Given a starting point (origLat, origLon), ending point (destLat, destlon), and a % of trip completed. How do I calculate the current position (curLat, curLon)?
A:
In this case, it should be really simple:
curLat = origLat + percentageOfTripCompleted*(destLat-origLat);
curLon = origLon + percentageOfTripCompleted*(destLon-origLon);
*The fact that the earth is a sphere really has no bearing on this problem.

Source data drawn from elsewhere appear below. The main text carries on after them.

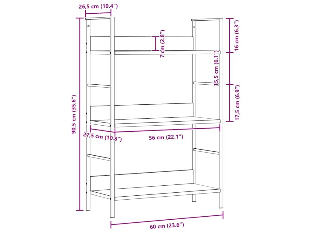 - Rozměry jedné vodorovné police: 56 x 27,6 x 1,5 cm (D x Š x V)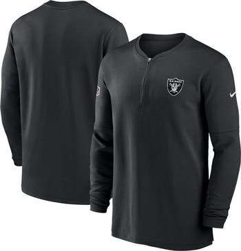 The Men's Nike Black Las Vegas Raiders 2023 Sideline Performance Long Sleeve Tri-Blend Quarter-Zip Top is the perfect way to show your support for the Las Vegas Raiders. This midweight top is made from a blend of recycled polyester, cotton, and organic cotton, making it both comfortable and sustainable. The embroidered applique and screen print graphics proudly display the Las Vegas Raiders logo, while the 1/4-zip closure and side splits at the bottom hem provide a comfortable and stylish fit. Whether you're cheering on the Raiders from the stands or just showing your support around town, this top is sure to turn heads.
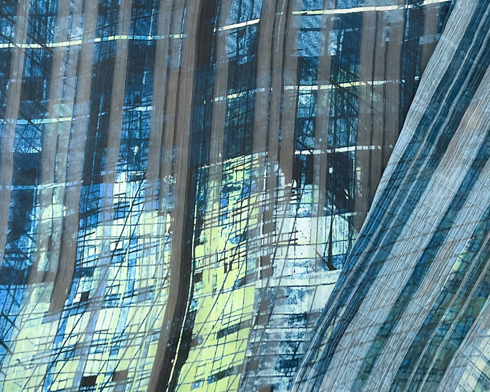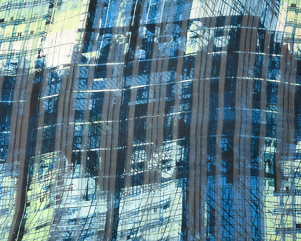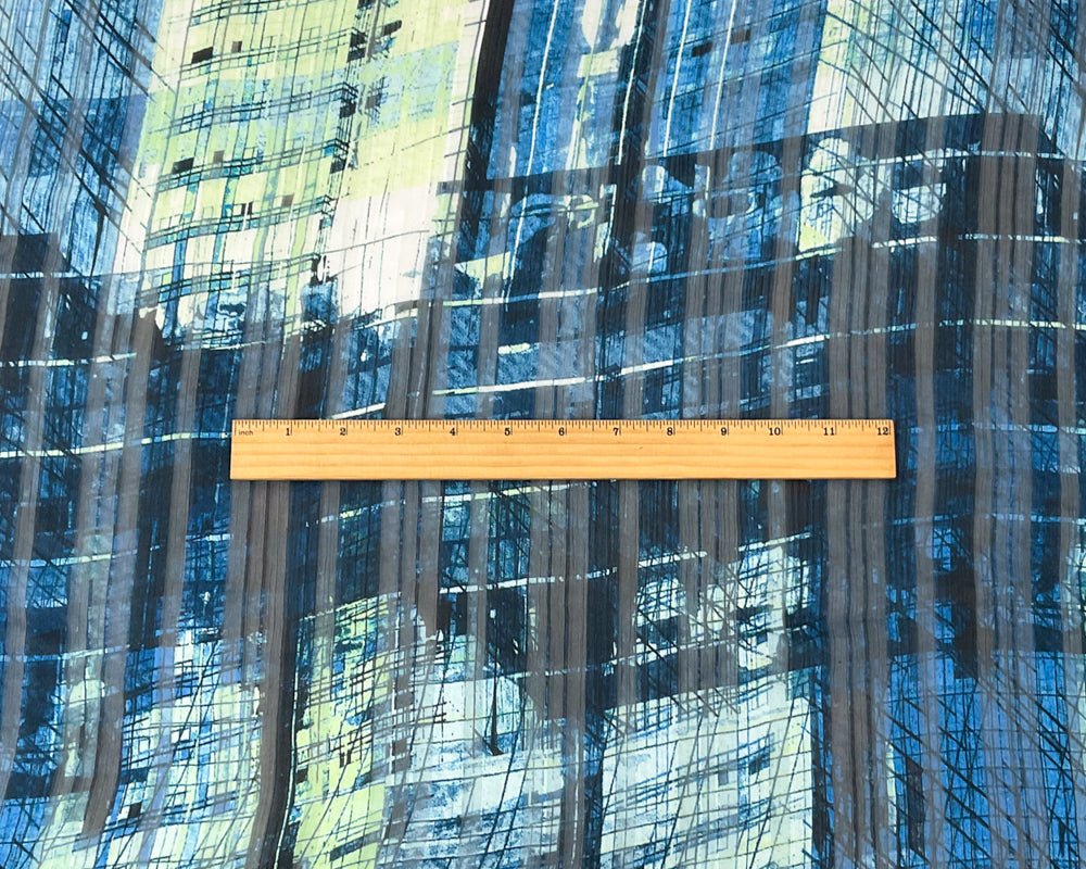 Blue-Multi Poly Abstract Print Satin Stripe Chiffon Woven Fabric

That is not a great circle path.
Lawnmower
2010-10-19 14:40:43
That is incorrect. Look at the link in @hfs's answer. Remember, great circle paths are *not* straight lines.
Jonathan
2010-10-19 14:43:58
thinking about this one a little more, that is definitely true. my bad.
2010-10-19 15:34:55
Technically speaking, if the distance is very short, this may be a valid approximation.
ysap
2010-10-19 17:22:16
@ysap Unless you're close to the central meridian, in which case this route might take you for a longer stroll :-)
Lawnmower
2010-10-20 09:54:47
+6
A:
Aviation Formulary is a great resource which covers this question and more.
hfs
2010-10-19 14:40:24
Just keep in mind that those formulas assume a spherical model. Formulas exist for ellipsoids (WGS84 and such) but they will be far more complicated. It all depends on your presicion requirements.
Lawnmower
2010-10-20 09:59:16
Works well. Though as Lawnmower says it is an estimate based on sphere. If anyone can provide a link to the same algorithm for a WGS84 model I would really appreciate it.
Anthony
2010-10-20 17:24:34
There are no longer simple formulas when moving to ellipsoids, but you have to use iterative approximations. Start at http://geographiclib.sourceforge.net/html/geodesic.html and see the references linked there. Maybe you can use the library directly or look at the code.
hfs
2010-10-20 20:04:09